Les abeilles Mélipones sont également des pollinisateurs essentiels dans l’écosystème du Yucatán. Elles jouent un rôle essentiel dans la fertilisation de diverses cultures. Leur contribution écologique va bien au-delà de la production de miel ; elles contribuent au maintien de la biodiversité.

Les ruches traditionnelles de mélipones, appelées jobones, sont des rondins de bois évidés soigneusement placés dans des endroits ombragés et calmes. Fait remarquable, ce sont les abeilles elles-mêmes qui choisissent ces rondins, créant un lien naturel entre la colonie et son gardien. « On n’impose pas la ruche aux abeilles », explique le Père Luis. « On attend qu’elles l’acceptent. »

Cependant, l’avenir de l’abeille mélipone est menacé. Le Père Luis a été le témoin direct de ces menaces croissantes : la déforestation généralisée et l’utilisation accrue de pesticides ont réduit drastiquement les populations d’abeilles sauvages. Avec l’empiètement de l’agriculture moderne sur les habitats naturels, le lien ancestral entre les Mayas et les Xunan Kab est mis à rude épreuve.
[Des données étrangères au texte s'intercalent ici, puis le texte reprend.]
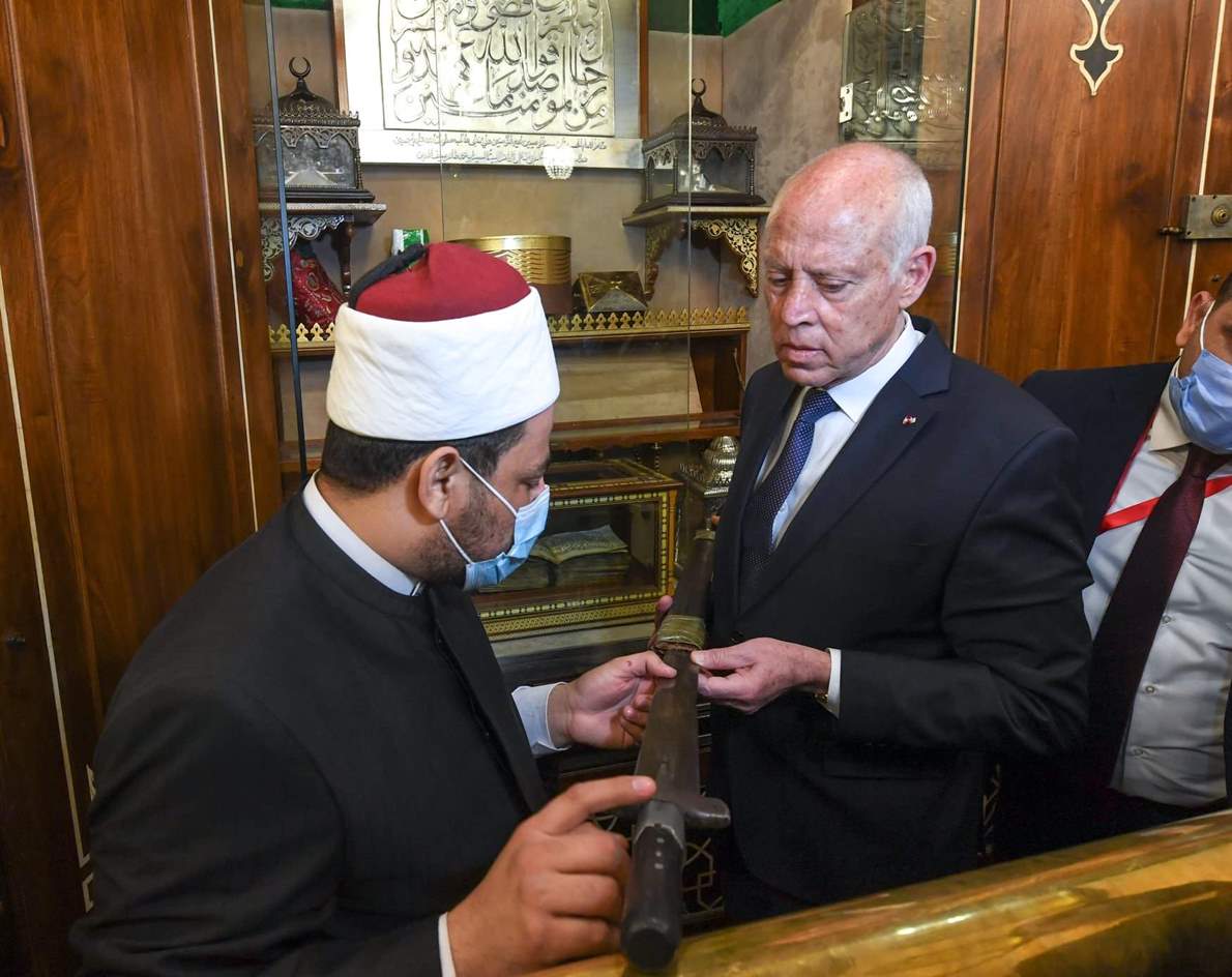 أجرى قيس سعيد، مساء اليوم، جولة في بعض المواقع التاريخية بالقاهرة الفاطمية اطلع خلالها على خصوصيات بعض المواقع التاريخية والدينية.

Les abeilles mélipones produisent beaucoup moins de miel que leurs homologues européennes, ce qui rend chaque goutte encore plus précieuse. Cette production limitée contribue à la forte demande et à l’importance culturelle du miel. « On me demande souvent pourquoi je ne me tourne pas vers d’autres abeilles », explique le Père Luis. « Parce que ce n’est pas une question de quantité, mais de sens. » Malgré les difficultés, l’espoir est permis. Un renouveau culturel s’épanouit dans tout le Yucatán. De jeunes apiculteurs apprennent les méthodes traditionnelles, des chercheurs documentent les bienfaits médicinaux des abeilles, et des leaders communautaires comme le Père Luis œuvrent à la préservation de cet élément essentiel du patrimoine maya. Sa ferme à Maní est à la fois un centre d’enseignement et une archive vivante de savoirs anciens.

« Tant que nous les protégerons », dit-il en regardant les abeilles tournoyer autour d’un arbre en fleurs, « le Xunan Kab continuera de bénir notre peuple.»

L’ancienne dame du Yucatán continue de vivre, sous les soins discrets d’un apiculteur dévoué, dans le bourdonnement de la jungle et dans chaque goutte de miel sacré qu’elle crée.